The team, led by Kansas City, Mo.-based Burns and McDonnell Engineering
Company, will build a microgrid out of existing electrical
infrastructure at the Army post, integrating a 2-megawatt photovoltaic
(PV) array, diesel generator sets and electric vehicles to provide a
self-contained, energy-sustainable capability during electrical grid
The program, called the Smart Power Infrastructure Demonstration for
Energy Reliability and Security (SPIDERS), is intended to make military
installations more energy efficient and secure.

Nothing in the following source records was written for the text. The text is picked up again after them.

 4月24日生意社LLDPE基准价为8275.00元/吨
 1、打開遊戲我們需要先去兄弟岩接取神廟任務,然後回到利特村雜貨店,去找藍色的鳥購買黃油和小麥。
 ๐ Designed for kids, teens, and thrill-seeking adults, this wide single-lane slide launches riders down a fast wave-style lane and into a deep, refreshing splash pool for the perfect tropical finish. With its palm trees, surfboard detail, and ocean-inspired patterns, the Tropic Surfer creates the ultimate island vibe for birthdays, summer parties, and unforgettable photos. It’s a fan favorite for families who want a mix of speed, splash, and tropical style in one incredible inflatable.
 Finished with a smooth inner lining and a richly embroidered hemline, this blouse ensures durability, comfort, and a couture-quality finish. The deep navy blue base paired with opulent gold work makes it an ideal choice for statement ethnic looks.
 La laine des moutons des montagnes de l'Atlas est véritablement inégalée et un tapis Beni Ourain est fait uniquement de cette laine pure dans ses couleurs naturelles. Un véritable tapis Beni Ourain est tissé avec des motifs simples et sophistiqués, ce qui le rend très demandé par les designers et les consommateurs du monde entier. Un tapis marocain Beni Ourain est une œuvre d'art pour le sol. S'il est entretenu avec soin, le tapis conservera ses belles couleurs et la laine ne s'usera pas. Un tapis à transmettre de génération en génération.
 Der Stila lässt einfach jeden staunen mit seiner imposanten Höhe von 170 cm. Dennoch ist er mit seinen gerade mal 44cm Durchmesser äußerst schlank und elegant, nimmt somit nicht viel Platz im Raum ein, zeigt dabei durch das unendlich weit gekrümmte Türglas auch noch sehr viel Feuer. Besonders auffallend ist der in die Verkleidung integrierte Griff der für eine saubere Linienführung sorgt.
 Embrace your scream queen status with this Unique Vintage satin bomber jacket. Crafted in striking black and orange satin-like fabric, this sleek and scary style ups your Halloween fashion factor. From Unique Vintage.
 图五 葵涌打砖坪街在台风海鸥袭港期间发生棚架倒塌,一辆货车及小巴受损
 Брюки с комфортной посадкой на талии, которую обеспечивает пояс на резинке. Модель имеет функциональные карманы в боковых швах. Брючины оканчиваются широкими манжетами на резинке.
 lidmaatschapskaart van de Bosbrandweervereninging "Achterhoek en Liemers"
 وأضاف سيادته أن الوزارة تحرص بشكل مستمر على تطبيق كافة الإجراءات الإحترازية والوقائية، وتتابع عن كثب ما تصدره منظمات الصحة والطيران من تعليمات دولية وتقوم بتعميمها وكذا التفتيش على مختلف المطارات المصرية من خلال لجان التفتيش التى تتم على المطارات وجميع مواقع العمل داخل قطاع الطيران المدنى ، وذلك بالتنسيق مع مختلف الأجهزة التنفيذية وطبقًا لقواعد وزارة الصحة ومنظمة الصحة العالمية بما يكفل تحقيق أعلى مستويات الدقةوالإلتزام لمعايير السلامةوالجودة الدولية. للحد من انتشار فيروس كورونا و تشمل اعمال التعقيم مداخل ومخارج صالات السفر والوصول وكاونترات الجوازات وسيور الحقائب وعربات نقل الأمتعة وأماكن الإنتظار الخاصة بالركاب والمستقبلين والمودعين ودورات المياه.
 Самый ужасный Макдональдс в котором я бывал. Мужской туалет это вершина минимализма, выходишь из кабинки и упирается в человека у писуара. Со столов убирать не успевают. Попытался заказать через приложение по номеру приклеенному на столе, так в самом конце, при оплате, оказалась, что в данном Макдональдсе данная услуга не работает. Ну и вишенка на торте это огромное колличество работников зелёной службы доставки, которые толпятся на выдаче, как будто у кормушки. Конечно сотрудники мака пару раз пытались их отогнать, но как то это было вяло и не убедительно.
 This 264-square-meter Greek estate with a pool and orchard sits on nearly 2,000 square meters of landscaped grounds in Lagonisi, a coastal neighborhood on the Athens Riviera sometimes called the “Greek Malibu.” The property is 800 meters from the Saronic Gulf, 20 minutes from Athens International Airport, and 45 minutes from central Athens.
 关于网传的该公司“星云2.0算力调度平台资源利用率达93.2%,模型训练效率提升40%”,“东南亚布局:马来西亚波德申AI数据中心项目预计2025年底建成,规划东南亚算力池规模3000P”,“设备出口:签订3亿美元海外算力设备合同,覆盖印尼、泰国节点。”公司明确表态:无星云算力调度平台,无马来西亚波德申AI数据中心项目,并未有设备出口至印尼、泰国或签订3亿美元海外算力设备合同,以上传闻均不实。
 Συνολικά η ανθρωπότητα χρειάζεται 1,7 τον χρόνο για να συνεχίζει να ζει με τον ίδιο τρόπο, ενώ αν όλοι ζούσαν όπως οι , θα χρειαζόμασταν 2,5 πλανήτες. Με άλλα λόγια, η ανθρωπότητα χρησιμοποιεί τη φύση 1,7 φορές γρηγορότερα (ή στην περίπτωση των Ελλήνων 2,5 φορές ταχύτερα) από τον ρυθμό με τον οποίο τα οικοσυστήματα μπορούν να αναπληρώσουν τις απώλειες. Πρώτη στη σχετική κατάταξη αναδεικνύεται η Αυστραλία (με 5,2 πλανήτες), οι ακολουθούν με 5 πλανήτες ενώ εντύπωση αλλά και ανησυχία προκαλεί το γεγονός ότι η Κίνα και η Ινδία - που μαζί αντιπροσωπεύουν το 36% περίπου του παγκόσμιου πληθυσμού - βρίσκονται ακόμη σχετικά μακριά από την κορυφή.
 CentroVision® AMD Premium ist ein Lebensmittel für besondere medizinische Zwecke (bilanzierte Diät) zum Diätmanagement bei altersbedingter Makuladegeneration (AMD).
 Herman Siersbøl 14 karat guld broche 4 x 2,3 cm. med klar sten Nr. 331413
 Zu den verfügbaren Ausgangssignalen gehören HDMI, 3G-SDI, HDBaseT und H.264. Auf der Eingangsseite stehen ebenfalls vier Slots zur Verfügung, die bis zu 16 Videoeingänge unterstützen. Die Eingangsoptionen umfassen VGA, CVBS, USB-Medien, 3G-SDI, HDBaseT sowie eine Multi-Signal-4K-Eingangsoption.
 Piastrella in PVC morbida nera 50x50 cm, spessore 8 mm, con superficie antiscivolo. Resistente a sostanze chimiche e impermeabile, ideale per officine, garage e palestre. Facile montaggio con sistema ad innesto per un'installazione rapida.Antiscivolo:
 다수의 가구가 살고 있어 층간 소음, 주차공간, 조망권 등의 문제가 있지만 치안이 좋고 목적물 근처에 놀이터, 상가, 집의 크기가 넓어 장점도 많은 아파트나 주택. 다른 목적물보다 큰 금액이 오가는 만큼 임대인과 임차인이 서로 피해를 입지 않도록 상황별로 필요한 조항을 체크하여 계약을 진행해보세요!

"The goal for the SwRI portion of this 18-month effort is to demonstrate
the ability of electric vehicles to serve as energy storage devices in
support of a microgrid and provide grid ancillary services, such as peak
shaving and demand response, during non-microgrid operation," said Sean
Mitchem, SwRI project manager and a principal analyst in SwRI's
Automation and Data Systems Division.
"Unique challenges of this project include using electric vehicles o
absorb excess generated power from the base's photovoltaic array and
reduce the base's energy bill by integrating vehicle energy storage into
the energy management strategy, all the while continuing to serve as an
active part of the base vehicle fleet," said co-researcher Joe Redfield,
a principal engineer in SwRI's Engine, Emissions and Vehicle Research
"This project will be one of the first large-scale demonstrations of the
new Society of Automotive Engineers (SAE) standard-based DC fast-charge
technology," Redfield said. "As such, we expect to provide input to SAE
for future fine-tuning of the standard."
Project objectives for SwRI involve developing specialized software to
aggregate and manage a fleet of electric vehicles as energy storage
devices, as well as helping to develop interfaces between the vehicles
and their charging equipment based on the newly emerging SAE J1772 DC
Combo Connector II fast-charging technology standard.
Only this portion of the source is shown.